Repeat exactly the lines of the material below that run from the "در تصویر بالا" line to the "for Wedding |" line, including both, and do not carry over any pictures.

**Task data**

========================================

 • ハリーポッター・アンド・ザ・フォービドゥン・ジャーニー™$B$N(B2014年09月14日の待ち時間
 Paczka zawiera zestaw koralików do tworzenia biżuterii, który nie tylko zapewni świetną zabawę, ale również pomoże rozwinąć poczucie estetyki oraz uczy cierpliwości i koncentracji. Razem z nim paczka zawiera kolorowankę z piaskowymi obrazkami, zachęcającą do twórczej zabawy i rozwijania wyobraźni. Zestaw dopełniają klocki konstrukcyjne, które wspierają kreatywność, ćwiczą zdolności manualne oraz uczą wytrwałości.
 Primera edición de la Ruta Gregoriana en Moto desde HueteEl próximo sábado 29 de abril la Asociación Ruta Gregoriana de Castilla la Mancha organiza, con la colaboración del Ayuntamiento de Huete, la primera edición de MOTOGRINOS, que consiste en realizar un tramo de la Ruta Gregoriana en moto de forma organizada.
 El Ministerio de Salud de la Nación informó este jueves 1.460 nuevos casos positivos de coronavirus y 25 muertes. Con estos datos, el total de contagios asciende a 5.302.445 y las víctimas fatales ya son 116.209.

========================================

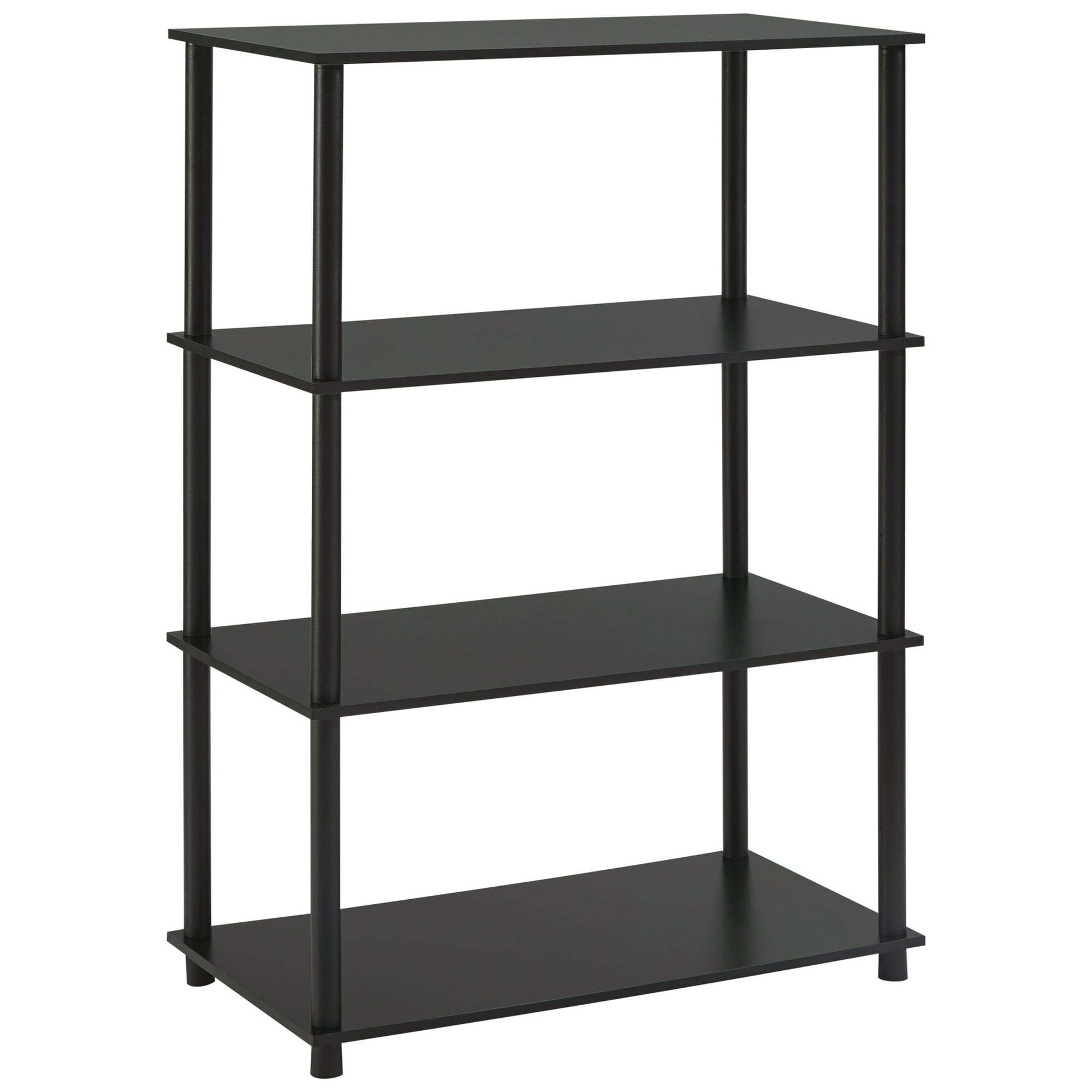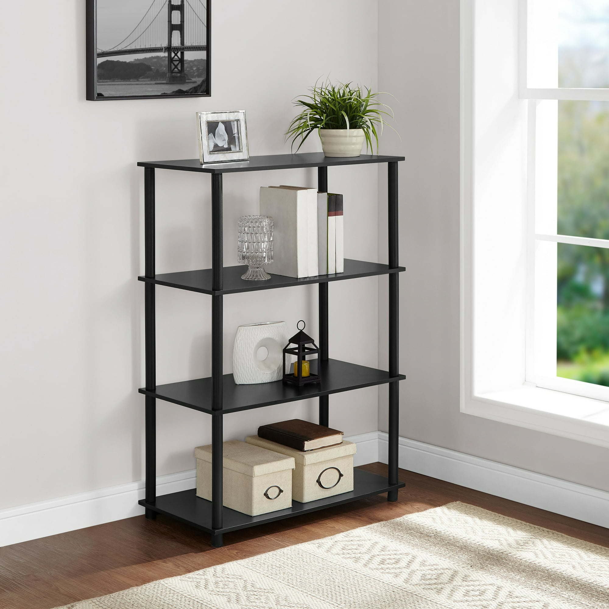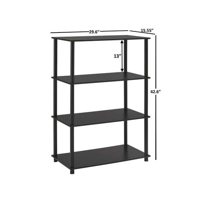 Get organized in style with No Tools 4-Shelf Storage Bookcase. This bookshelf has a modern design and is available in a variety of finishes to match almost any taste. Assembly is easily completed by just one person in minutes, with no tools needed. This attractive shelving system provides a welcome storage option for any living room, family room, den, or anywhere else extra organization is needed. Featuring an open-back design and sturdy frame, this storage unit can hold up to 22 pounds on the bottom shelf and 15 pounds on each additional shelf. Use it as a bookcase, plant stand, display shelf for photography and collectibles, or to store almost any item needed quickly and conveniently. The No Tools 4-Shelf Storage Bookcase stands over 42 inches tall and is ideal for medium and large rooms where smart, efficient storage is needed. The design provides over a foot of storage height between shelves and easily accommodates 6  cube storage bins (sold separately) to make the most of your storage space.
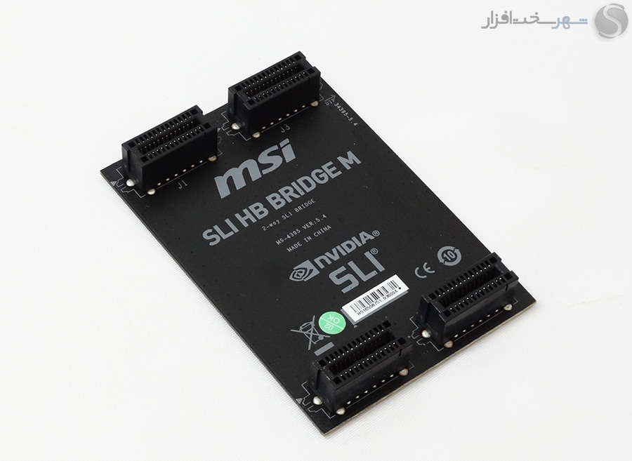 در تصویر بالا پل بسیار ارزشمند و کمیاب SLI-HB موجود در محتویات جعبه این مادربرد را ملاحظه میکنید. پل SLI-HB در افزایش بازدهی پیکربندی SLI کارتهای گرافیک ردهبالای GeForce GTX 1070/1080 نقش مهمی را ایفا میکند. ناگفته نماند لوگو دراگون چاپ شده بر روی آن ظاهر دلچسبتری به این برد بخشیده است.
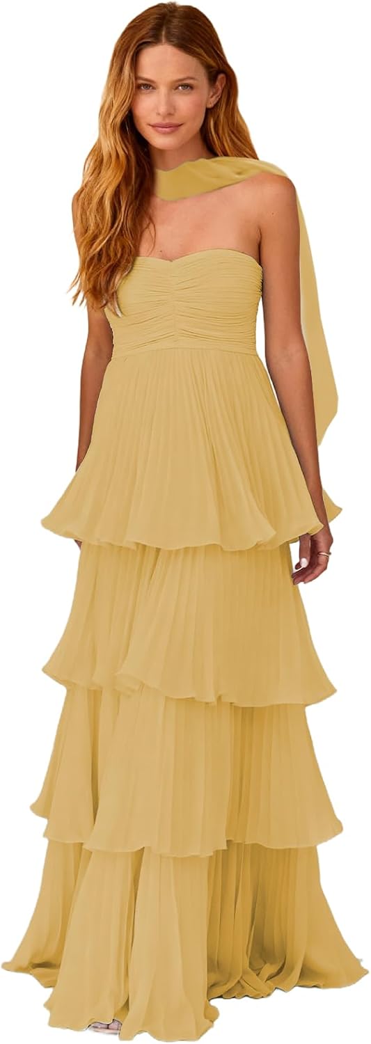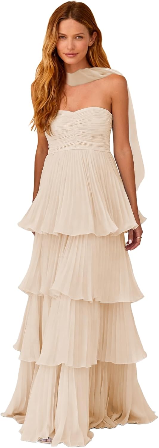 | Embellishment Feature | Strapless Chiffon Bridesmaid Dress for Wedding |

========================================

**Response**
 در تصویر بالا پل بسیار ارزشمند و کمیاب SLI-HB موجود در محتویات جعبه این مادربرد را ملاحظه میکنید. پل SLI-HB در افزایش بازدهی پیکربندی SLI کارتهای گرافیک ردهبالای GeForce GTX 1070/1080 نقش مهمی را ایفا میکند. ناگفته نماند لوگو دراگون چاپ شده بر روی آن ظاهر دلچسبتری به این برد بخشیده است.
 | Embellishment Feature | Strapless Chiffon Bridesmaid Dress for Wedding |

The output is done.